Class BasicColony<AntType>

java.lang.Object
unifeat.featureSelection.wrapper.ACOBasedMethods.BasicColony<AntType>
Type Parameters:
AntType - the type of ant implemented in ACO algorithm
Direct Known Subclasses:
Colony

public abstract class BasicColony<AntType> extends Object
The abstract class contains the main methods and fields that are used in all ACO-based feature selection methods.
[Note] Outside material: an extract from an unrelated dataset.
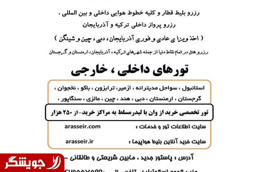 آراس سیرتبریز رزرو بلیط قطار و کلیه خطوط هوایی داخلی و بین المللی ، رزرو پرواز داخلی ترکیه و آذربایجان( اخذ ویزا ی عادی و فوری آذربایجان ، دبی ، چین و شینگن ) رزرو هتل در تمام نقاط دنیا از جمله شهرهای ترکیه ، آذربایجان ، ارمنستان و گرجستان آدرس : پاستور جدید ، مابین شریعتی و طالقانی - جنب کوچه اسکوئیلر / تلفن 2-(در پایین آگهی) شماره تلگرام (در پایین آگهی)/
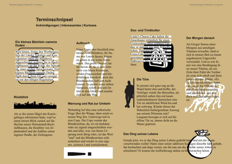 Locker aneinandergereiht und mit einfachen Grafiken hinterlegt sind die Termine und Ankündigungen in diesem Beispiel. Der Satzspiegel wurde gestalterisch bewusst durchbrochen, womöglich um zu unterstreichen, dass es sich um unverbindliche Angebote handelt, an denen man teilnehmen kann, aber nicht muss. Es ergibt sich eine attraktive Gesamtoptik, die Leser einlädt, näher hinzuschauen.

This class is used to implement a colony of ants in ACO algorithm.
Author:
Sina Tabakhi
  • Field Details

    • colony

      protected AntType[] colony
    • fitnessEvaluator

      public static FitnessEvaluator fitnessEvaluator
    • graphRepresentation

      public static GraphRepresentation graphRepresentation
    • NUM_ORIGINAL_FEATURE

      public static int NUM_ORIGINAL_FEATURE
    • COLONY_SIZE

      protected static int COLONY_SIZE
    • INIT_PHEROMONE_VALUE

      protected static double INIT_PHEROMONE_VALUE
    • ALPHA

      protected static double ALPHA
    • BETA

      protected static double BETA
    • RHO

      protected static double RHO
  • Constructor Details

    • BasicColony

      public BasicColony(Class<AntType> ant)
      Initializes the parameters
      Parameters:
      ant - the type of ant implemented in ACO algorithm
  • Method Details

    • initialization

      public abstract void initialization()
      This method initializes the problem parameters.
    • setInitialState

      public abstract void setInitialState()
      This method places any ant randomly to one feature as their initial states.
    • evaluateCurrentSolution

      public abstract Criteria evaluateCurrentSolution(int antIndex)
      This method evaluates the fitness of each ant in the colony by predefined fitness function.
      Parameters:
      antIndex - index of the ant in the colony
      Returns:
      Criteria values of the fitness function
      See Also:
    • operateStateTransitionRule

      public abstract void operateStateTransitionRule(int antIndex)
      This method selects the next state and adds it to the current selected feature subset by using state transition rule that is combination of heuristic desirability and pheromone levels.
      Parameters:
      antIndex - index of the ant in the colony
    • constructSolution

      public abstract void constructSolution()
      This method constructs solutions completely of each ant in the colony by applying state transition rule repeatedly.
    • operatePheromoneUpdateRule

      public abstract void operatePheromoneUpdateRule()
      This method updates the current pheromone values by decreasing pheromone concentrations and then deposit the quantity of pheromone by ants.
    • getBestAnt

      public abstract AntType getBestAnt()
      This method returns the best ant in the colony
      Returns:
      the best ant in the colony
    • toString

      public String toString()
      Returns a string representation of the colony.
      Overrides:
      toString in class Object
      Returns:
      a string representation of the colony.